Еще через каких-то полчаса он увидел бурный ручей, льющийся с вершины горы, и сначала умыл себя, а потом попил воды.
Тут же у ручья на большом розовом камне он увидел черную бабочку продюсера и, подняв ее с брезгливой гримасой, бросил в траву.
Он чувствовал, что идет по верному следу, что еще больше удивляло его.
Повторялась одна и та же мысль, что все это уже было.
Мысль хотя и была оптимистичной, но все же обескураживала своим странным мировосприятием.
Дядя Абрам бросил у ручья свою рубашку, чтобы было легче подниматься наверх.
В этом месте склон горы был более крут, и иногда ему приходилось подтягиваться на руках, все так же держась руками за надежные лианы.
Подъем становился все тяжелее, а он уже задыхался, вытирая лицо потными, грязными руками.
Иногда он не выдерживал и громко матерился, тем самым, облегчая свою душу.
С берега гора казалась совсем маленькой, но на самом деле этот вид был обманчивым.
Ноги уже наливались свинцом и еле отрывались от земли. К тому же, за время долгого сиденья взаперти вместе с Ритой, он совсем мало двигался, отчего теперь чувствовал себя совершенно не приспособленным к такому тяжелому подъему.
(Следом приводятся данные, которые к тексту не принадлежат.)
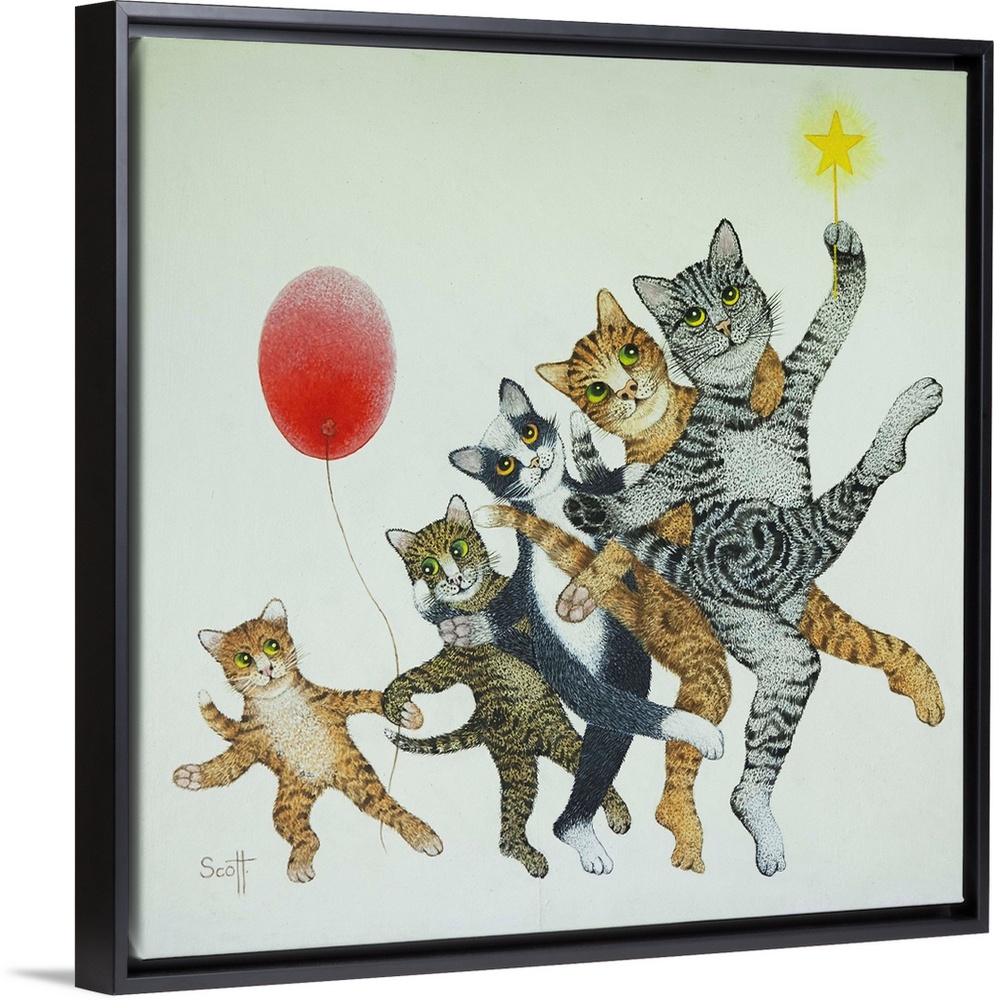<p>Illustration of five cats dancing in a line, with a red balloon.</p>

– Ах, мать твою так! – ругался он, и в нем сразу же появлялось седьмое дыхание, и он с новым порывом устремлялся ввысь, туда, где вершина горы будто срасталась с небом. Вскоре его облепила стайка кровожадных москитов и все его тело стало ужасно зудеть
.Дядя Абрам даже немного всплакнул, пытаясь отбиться от ненасытных насекомых, а потом, скрежеща зубами, все же продолжил свой изнурительный подъем.
Жара, москиты, постоянное напряжение и пот, застилающий глаза, абсолютно все, выводило его из себя, и дядя Абрам матерился, матерился громко, иногда нежно-акапельно нараспев.
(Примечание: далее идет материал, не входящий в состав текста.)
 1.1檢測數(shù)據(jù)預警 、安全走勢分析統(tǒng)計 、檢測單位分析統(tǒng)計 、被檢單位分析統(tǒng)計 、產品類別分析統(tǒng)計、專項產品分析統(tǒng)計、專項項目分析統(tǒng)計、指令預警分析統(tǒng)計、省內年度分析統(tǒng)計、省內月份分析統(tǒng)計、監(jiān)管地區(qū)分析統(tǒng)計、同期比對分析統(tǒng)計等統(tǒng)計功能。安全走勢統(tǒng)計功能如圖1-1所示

Временами ему казалось, что он первобытный человек затерявшийся в чаще девственного леса, и тогда он вместо обыкновенного мата издавал протяжный рев, более всего похожий на звериный, и с удивлением прислушивался к нему как к незнакомой и причудливой песне дикарей, на какой-то миг ставшей для него родной и знакомой.
– У-У-А! – ревел дядя Абрам и поднимался все выше, уже с оплывшими от укусов насекомых глазами.
Его зрительное восприятие как будто отказывалось ему подчиняться, очертания деревьев, лиан и корней с камнями расплывались в какую-то разноцветную мозаику, в которой бедное сознание дяди Абрама едва угадывало свой путь.
Иногда он спотыкался о корни деревьев или камни, которые не успевал разглядеть, и падал, больно ранясь об острые выступы скал.
Когда до вершины оставалось совсем немного, он ощутил сзади в спине ужасную боль, а когда оглянулся, то увидел быстро уползающую в чащу леса серую змею с черными точками на спине, и, упав на колени, стал с плачем молиться Богу.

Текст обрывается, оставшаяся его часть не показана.